PROBLEM DETAILS
Give the lines again exactly as they appear below, from the line with "Buffed leather loafers." to the line with "Step 2: Navigate", both included, and only those lines. Leave every picture out.
━━━ SUPPLIED DATA
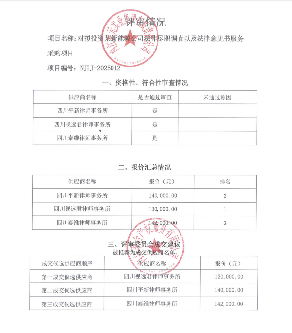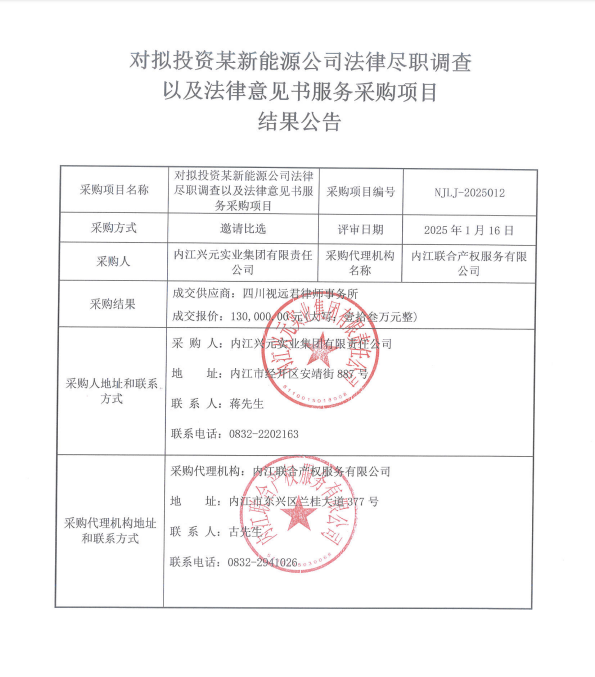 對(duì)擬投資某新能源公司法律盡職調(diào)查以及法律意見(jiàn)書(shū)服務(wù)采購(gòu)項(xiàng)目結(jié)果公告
━━━━━━
━━━ SUPPLIED DATA
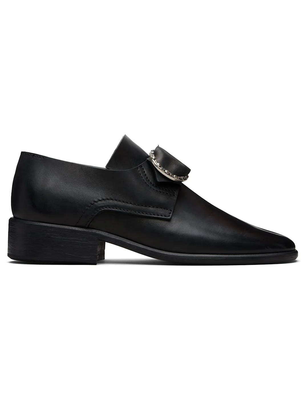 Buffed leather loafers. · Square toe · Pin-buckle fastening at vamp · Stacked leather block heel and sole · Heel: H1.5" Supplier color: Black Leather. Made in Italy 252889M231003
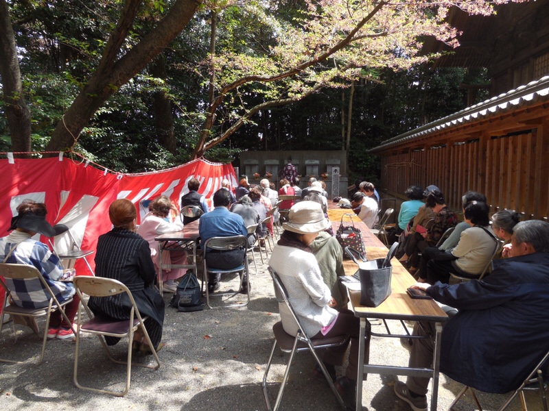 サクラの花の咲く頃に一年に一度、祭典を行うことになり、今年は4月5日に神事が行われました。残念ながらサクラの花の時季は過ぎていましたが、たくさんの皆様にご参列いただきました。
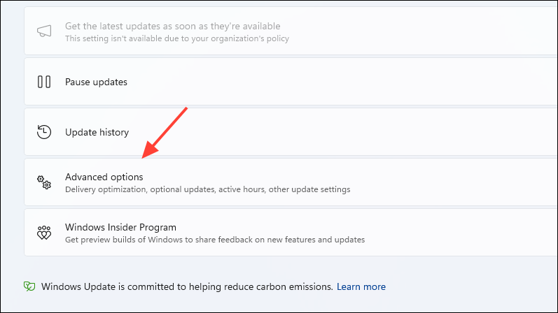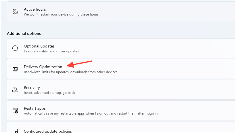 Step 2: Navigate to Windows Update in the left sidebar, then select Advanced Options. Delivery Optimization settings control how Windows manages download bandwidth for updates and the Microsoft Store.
━━━━━━
━━━ SUPPLIED DATA
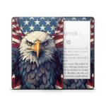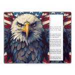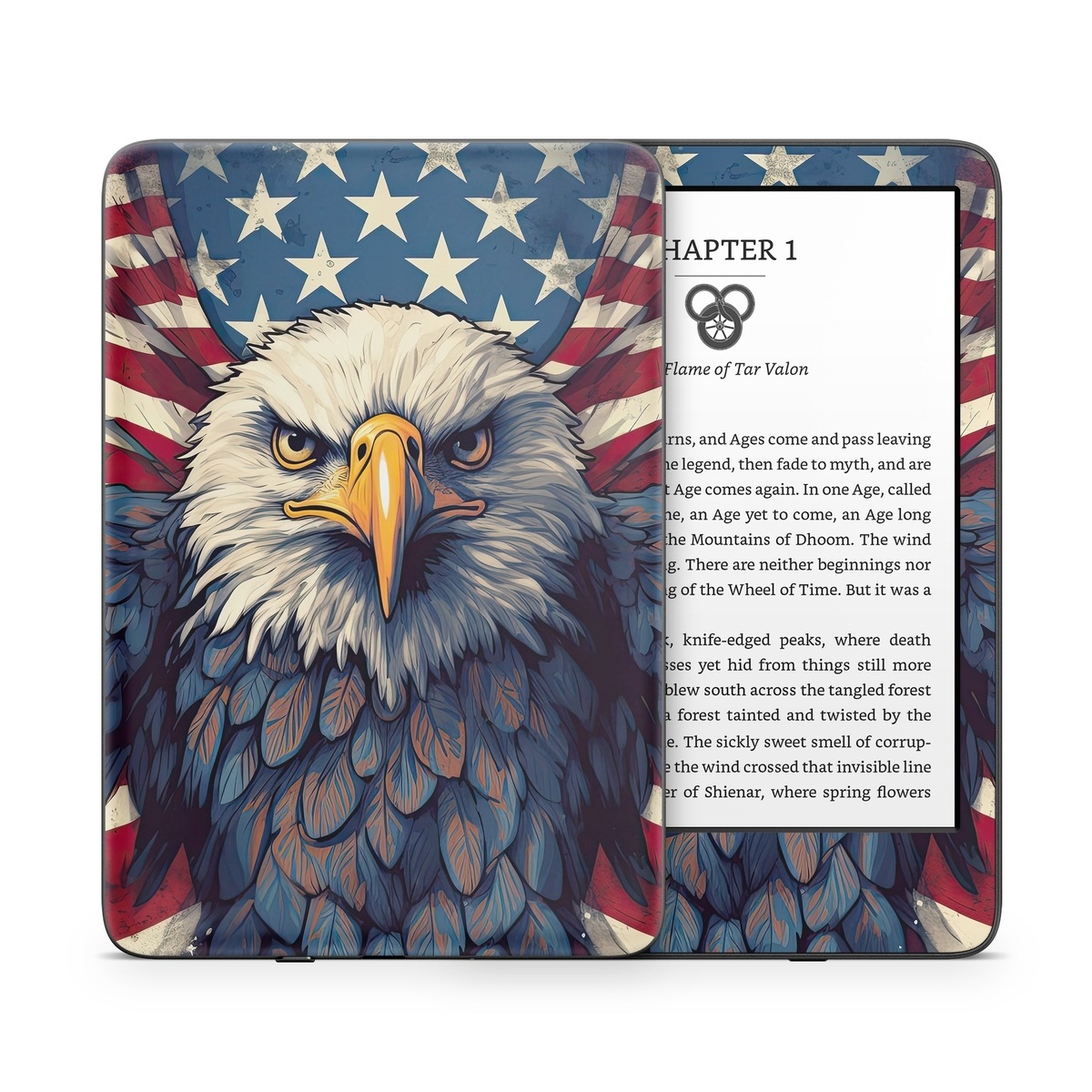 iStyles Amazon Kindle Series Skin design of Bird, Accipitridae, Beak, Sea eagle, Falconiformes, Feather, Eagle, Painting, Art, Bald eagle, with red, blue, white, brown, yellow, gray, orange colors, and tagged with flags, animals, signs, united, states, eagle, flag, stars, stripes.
━━━━━━
WRITTEN RESPONSE
 Buffed leather loafers. · Square toe · Pin-buckle fastening at vamp · Stacked leather block heel and sole · Heel: H1.5" Supplier color: Black Leather. Made in Italy 252889M231003
 サクラの花の咲く頃に一年に一度、祭典を行うことになり、今年は4月5日に神事が行われました。残念ながらサクラの花の時季は過ぎていましたが、たくさんの皆様にご参列いただきました。
 Step 2: Navigate to Windows Update in the left sidebar, then select Advanced Options. Delivery Optimization settings control how Windows manages download bandwidth for updates and the Microsoft Store.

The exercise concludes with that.